**Task brief**
Only one span is wanted from the lines below: from the one with "Truly a mix" up to and including the one with "Talk show host". Copy it exactly, without images.

**Given information**
===============

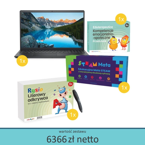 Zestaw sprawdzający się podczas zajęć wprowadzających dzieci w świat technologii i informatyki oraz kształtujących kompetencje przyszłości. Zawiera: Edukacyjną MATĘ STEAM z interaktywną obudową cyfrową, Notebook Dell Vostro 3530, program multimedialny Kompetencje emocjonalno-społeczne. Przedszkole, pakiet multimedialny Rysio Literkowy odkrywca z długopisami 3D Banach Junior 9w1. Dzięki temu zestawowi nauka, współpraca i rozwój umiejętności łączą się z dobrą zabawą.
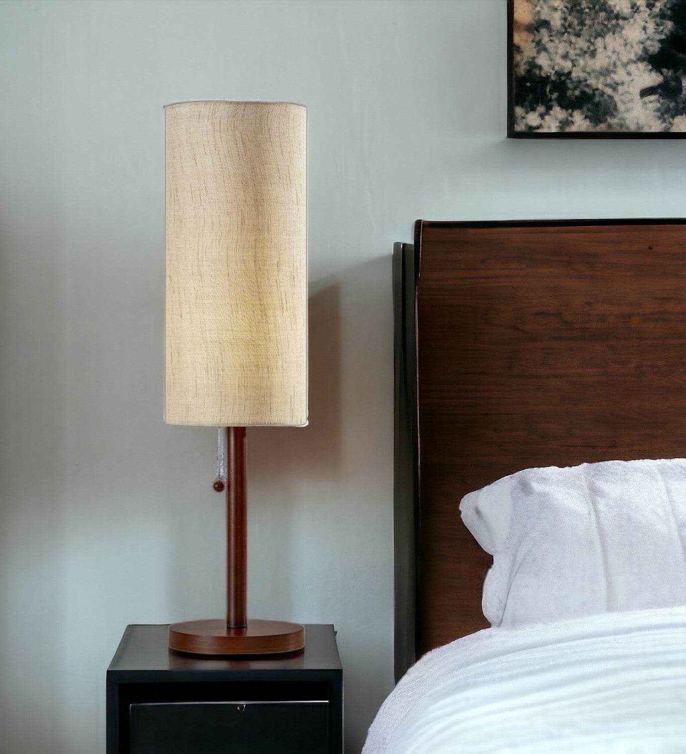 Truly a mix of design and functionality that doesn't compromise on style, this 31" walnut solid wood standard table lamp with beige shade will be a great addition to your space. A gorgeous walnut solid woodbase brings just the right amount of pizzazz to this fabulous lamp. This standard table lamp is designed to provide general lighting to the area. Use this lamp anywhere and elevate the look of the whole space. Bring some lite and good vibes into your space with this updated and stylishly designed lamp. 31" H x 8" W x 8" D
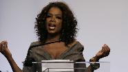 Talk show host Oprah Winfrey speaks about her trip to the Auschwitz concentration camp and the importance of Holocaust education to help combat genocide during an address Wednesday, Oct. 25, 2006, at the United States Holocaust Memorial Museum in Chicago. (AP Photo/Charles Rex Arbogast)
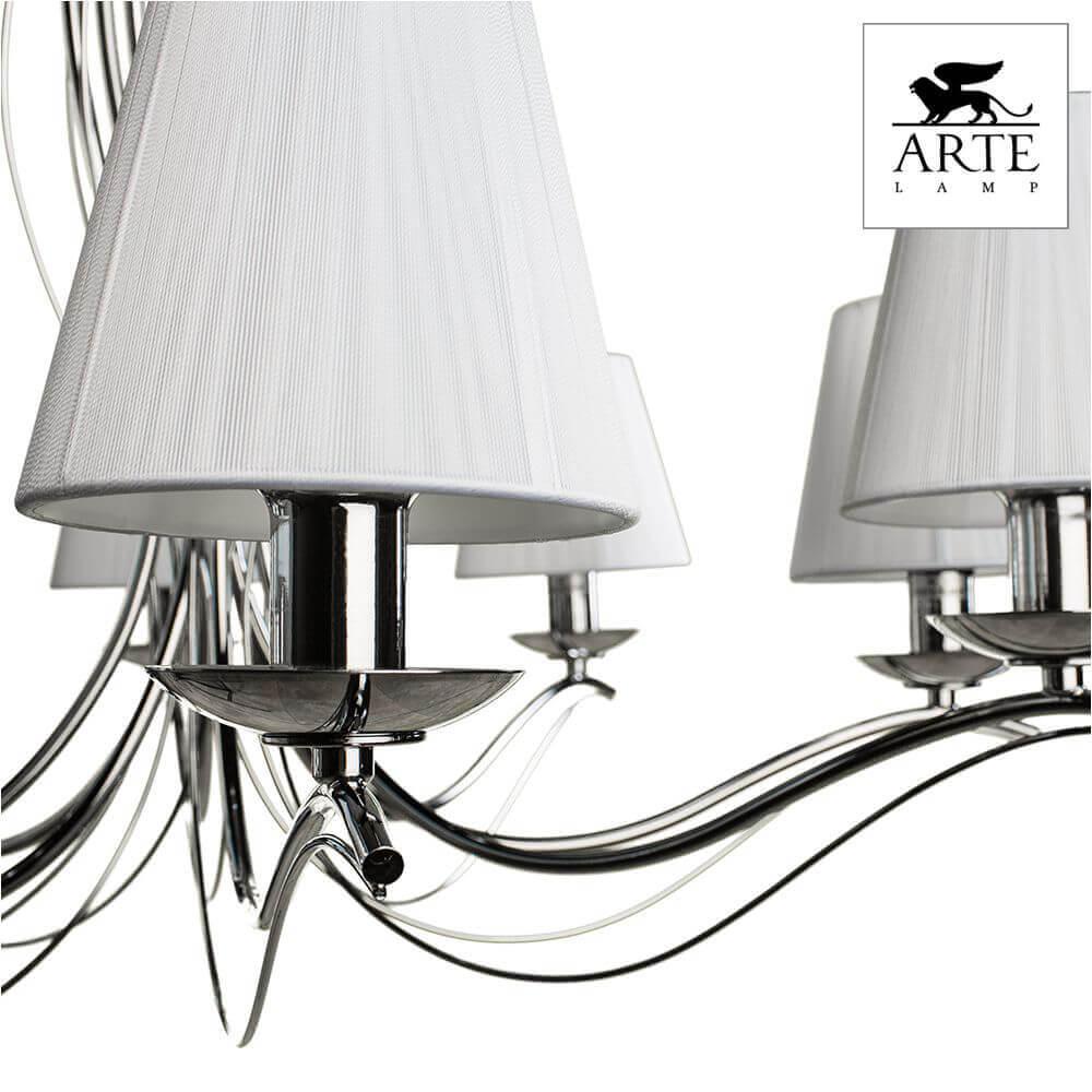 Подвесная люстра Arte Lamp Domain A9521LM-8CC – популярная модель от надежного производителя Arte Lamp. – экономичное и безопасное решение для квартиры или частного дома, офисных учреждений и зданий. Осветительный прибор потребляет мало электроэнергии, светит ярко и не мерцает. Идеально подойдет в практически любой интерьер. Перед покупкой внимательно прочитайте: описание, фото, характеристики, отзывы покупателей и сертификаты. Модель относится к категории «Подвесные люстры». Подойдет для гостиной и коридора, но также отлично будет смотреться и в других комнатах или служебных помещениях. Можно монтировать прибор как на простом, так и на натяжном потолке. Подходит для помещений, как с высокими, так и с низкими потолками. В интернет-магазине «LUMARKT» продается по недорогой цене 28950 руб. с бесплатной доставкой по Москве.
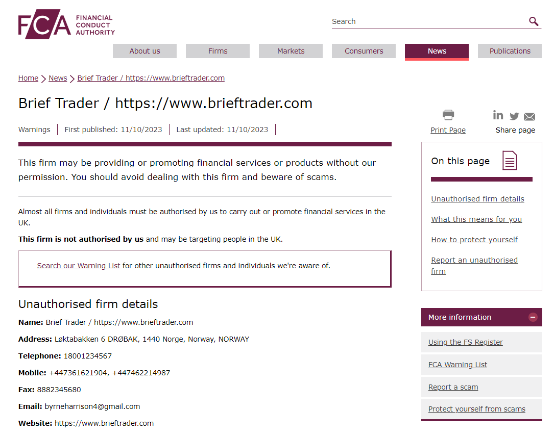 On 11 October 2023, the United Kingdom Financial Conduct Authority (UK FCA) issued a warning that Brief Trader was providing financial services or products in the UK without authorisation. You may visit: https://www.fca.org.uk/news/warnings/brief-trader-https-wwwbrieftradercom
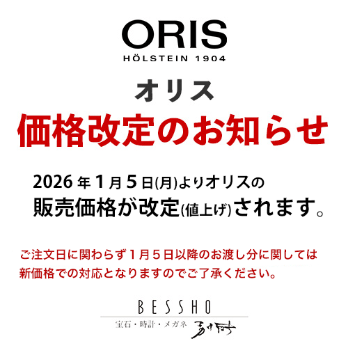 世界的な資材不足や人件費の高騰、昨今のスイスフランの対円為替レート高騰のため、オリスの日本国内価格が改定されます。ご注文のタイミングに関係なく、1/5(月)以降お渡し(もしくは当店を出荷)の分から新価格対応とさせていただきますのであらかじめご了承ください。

===============

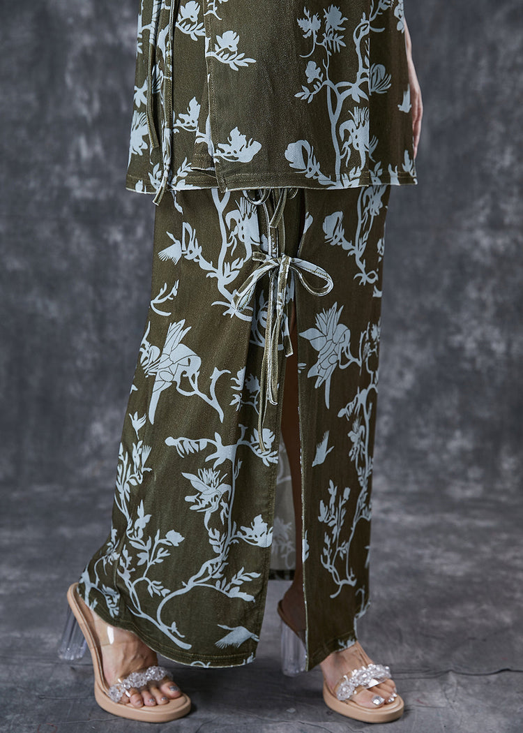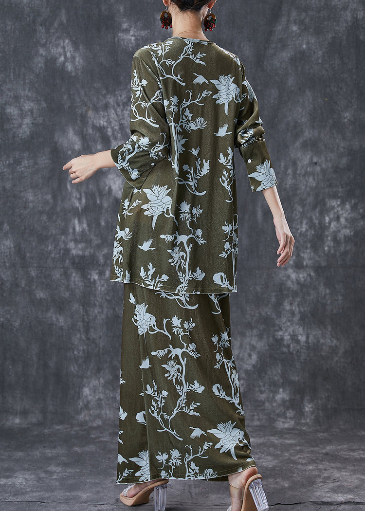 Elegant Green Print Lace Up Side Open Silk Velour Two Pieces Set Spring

===============

**Output of the exercise**
 Truly a mix of design and functionality that doesn't compromise on style, this 31" walnut solid wood standard table lamp with beige shade will be a great addition to your space. A gorgeous walnut solid woodbase brings just the right amount of pizzazz to this fabulous lamp. This standard table lamp is designed to provide general lighting to the area. Use this lamp anywhere and elevate the look of the whole space. Bring some lite and good vibes into your space with this updated and stylishly designed lamp. 31" H x 8" W x 8" D
 Talk show host Oprah Winfrey speaks about her trip to the Auschwitz concentration camp and the importance of Holocaust education to help combat genocide during an address Wednesday, Oct. 25, 2006, at the United States Holocaust Memorial Museum in Chicago. (AP Photo/Charles Rex Arbogast)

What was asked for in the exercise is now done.